Exercise: In the copy, include every record below exactly as it appears, but no pictures.

Input data:
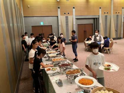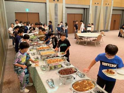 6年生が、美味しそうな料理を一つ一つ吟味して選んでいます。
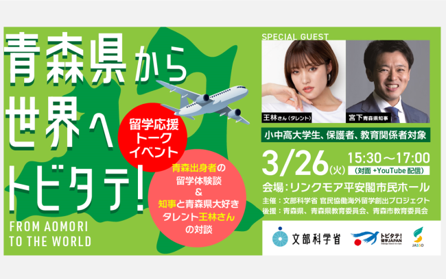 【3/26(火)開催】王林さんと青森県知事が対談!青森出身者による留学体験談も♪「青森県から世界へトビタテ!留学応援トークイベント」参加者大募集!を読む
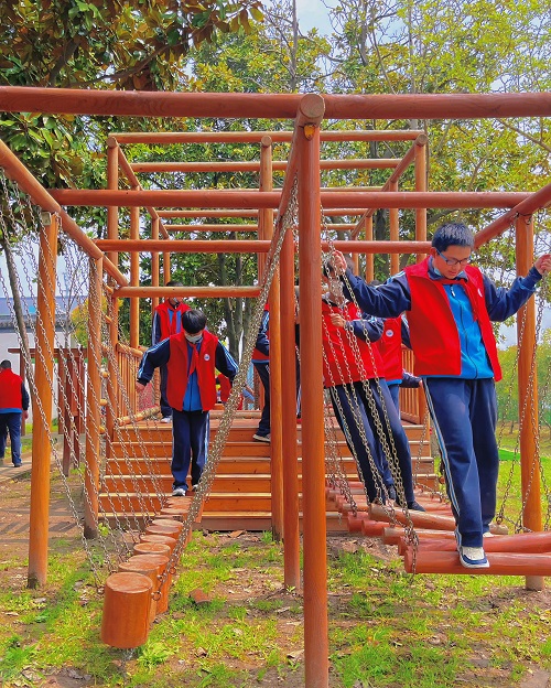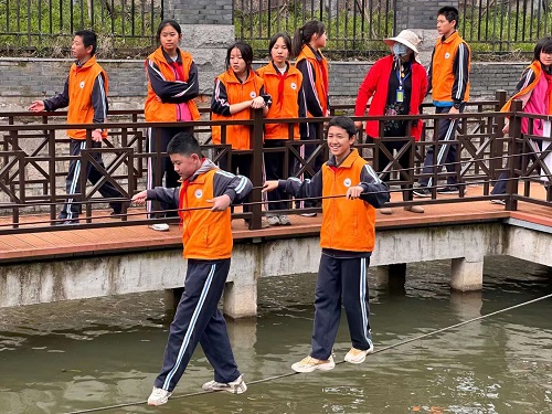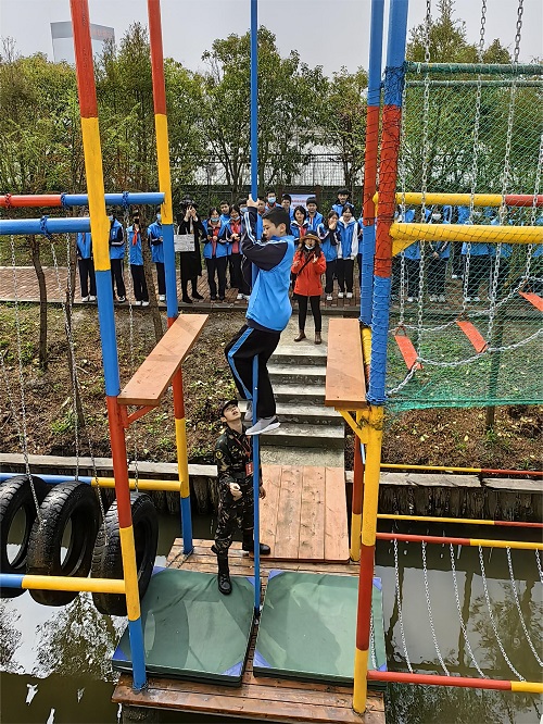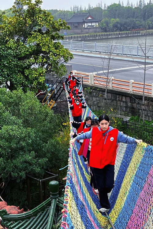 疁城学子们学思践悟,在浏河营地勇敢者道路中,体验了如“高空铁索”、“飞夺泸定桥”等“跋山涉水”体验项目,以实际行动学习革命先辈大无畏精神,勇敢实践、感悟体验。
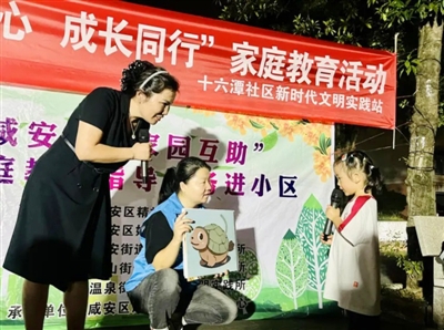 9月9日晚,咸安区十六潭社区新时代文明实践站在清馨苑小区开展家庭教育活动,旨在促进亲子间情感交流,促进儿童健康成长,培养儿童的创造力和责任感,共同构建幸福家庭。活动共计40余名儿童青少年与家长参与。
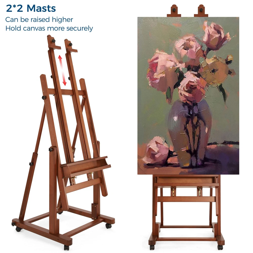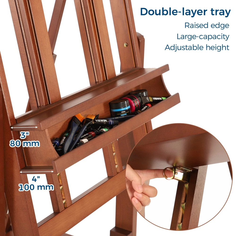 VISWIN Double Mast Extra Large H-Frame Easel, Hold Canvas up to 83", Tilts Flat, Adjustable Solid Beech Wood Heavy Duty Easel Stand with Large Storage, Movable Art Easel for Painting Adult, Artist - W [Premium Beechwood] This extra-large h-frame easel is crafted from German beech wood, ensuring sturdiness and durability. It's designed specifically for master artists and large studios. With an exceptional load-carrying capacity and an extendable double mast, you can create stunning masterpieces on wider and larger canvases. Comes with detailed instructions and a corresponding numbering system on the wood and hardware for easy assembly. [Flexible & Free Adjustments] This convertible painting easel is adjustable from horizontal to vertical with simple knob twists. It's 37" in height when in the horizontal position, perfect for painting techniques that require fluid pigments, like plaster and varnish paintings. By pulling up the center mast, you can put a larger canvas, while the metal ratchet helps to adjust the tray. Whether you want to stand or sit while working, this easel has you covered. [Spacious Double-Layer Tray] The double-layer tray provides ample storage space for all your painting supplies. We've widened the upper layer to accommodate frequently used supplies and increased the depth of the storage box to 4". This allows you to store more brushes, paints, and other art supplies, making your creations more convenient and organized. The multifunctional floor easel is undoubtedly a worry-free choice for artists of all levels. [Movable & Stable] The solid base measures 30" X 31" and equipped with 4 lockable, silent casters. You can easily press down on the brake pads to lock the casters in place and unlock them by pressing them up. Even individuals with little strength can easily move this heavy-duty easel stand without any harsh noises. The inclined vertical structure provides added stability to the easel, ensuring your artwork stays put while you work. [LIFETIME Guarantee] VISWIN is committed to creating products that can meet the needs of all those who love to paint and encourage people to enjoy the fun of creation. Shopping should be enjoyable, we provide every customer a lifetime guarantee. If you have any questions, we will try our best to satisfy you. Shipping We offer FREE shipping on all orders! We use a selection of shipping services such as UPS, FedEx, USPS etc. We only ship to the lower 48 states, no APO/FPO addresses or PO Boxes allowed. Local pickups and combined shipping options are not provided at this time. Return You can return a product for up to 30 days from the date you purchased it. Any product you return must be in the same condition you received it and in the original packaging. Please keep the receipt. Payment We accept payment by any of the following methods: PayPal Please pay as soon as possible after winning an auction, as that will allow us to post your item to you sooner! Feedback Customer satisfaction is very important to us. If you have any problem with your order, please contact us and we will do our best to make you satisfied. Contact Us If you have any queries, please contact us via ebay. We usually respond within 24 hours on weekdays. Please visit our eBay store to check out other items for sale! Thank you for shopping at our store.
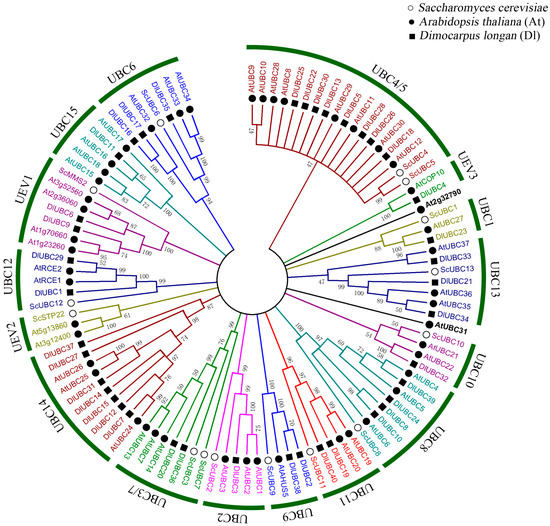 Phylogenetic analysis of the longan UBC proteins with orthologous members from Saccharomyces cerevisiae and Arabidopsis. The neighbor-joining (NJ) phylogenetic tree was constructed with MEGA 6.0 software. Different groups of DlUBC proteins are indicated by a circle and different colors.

Answer for this exercise:
 6年生が、美味しそうな料理を一つ一つ吟味して選んでいます。
 【3/26(火)開催】王林さんと青森県知事が対談!青森出身者による留学体験談も♪「青森県から世界へトビタテ!留学応援トークイベント」参加者大募集!を読む
 疁城学子们学思践悟,在浏河营地勇敢者道路中,体验了如“高空铁索”、“飞夺泸定桥”等“跋山涉水”体验项目,以实际行动学习革命先辈大无畏精神,勇敢实践、感悟体验。
 9月9日晚,咸安区十六潭社区新时代文明实践站在清馨苑小区开展家庭教育活动,旨在促进亲子间情感交流,促进儿童健康成长,培养儿童的创造力和责任感,共同构建幸福家庭。活动共计40余名儿童青少年与家长参与。
 VISWIN Double Mast Extra Large H-Frame Easel, Hold Canvas up to 83", Tilts Flat, Adjustable Solid Beech Wood Heavy Duty Easel Stand with Large Storage, Movable Art Easel for Painting Adult, Artist - W [Premium Beechwood] This extra-large h-frame easel is crafted from German beech wood, ensuring sturdiness and durability. It's designed specifically for master artists and large studios. With an exceptional load-carrying capacity and an extendable double mast, you can create stunning masterpieces on wider and larger canvases. Comes with detailed instructions and a corresponding numbering system on the wood and hardware for easy assembly. [Flexible & Free Adjustments] This convertible painting easel is adjustable from horizontal to vertical with simple knob twists. It's 37" in height when in the horizontal position, perfect for painting techniques that require fluid pigments, like plaster and varnish paintings. By pulling up the center mast, you can put a larger canvas, while the metal ratchet helps to adjust the tray. Whether you want to stand or sit while working, this easel has you covered. [Spacious Double-Layer Tray] The double-layer tray provides ample storage space for all your painting supplies. We've widened the upper layer to accommodate frequently used supplies and increased the depth of the storage box to 4". This allows you to store more brushes, paints, and other art supplies, making your creations more convenient and organized. The multifunctional floor easel is undoubtedly a worry-free choice for artists of all levels. [Movable & Stable] The solid base measures 30" X 31" and equipped with 4 lockable, silent casters. You can easily press down on the brake pads to lock the casters in place and unlock them by pressing them up. Even individuals with little strength can easily move this heavy-duty easel stand without any harsh noises. The inclined vertical structure provides added stability to the easel, ensuring your artwork stays put while you work. [LIFETIME Guarantee] VISWIN is committed to creating products that can meet the needs of all those who love to paint and encourage people to enjoy the fun of creation. Shopping should be enjoyable, we provide every customer a lifetime guarantee. If you have any questions, we will try our best to satisfy you. Shipping We offer FREE shipping on all orders! We use a selection of shipping services such as UPS, FedEx, USPS etc. We only ship to the lower 48 states, no APO/FPO addresses or PO Boxes allowed. Local pickups and combined shipping options are not provided at this time. Return You can return a product for up to 30 days from the date you purchased it. Any product you return must be in the same condition you received it and in the original packaging. Please keep the receipt. Payment We accept payment by any of the following methods: PayPal Please pay as soon as possible after winning an auction, as that will allow us to post your item to you sooner! Feedback Customer satisfaction is very important to us. If you have any problem with your order, please contact us and we will do our best to make you satisfied. Contact Us If you have any queries, please contact us via ebay. We usually respond within 24 hours on weekdays. Please visit our eBay store to check out other items for sale! Thank you for shopping at our store.
 Phylogenetic analysis of the longan UBC proteins with orthologous members from Saccharomyces cerevisiae and Arabidopsis. The neighbor-joining (NJ) phylogenetic tree was constructed with MEGA 6.0 software. Different groups of DlUBC proteins are indicated by a circle and different colors.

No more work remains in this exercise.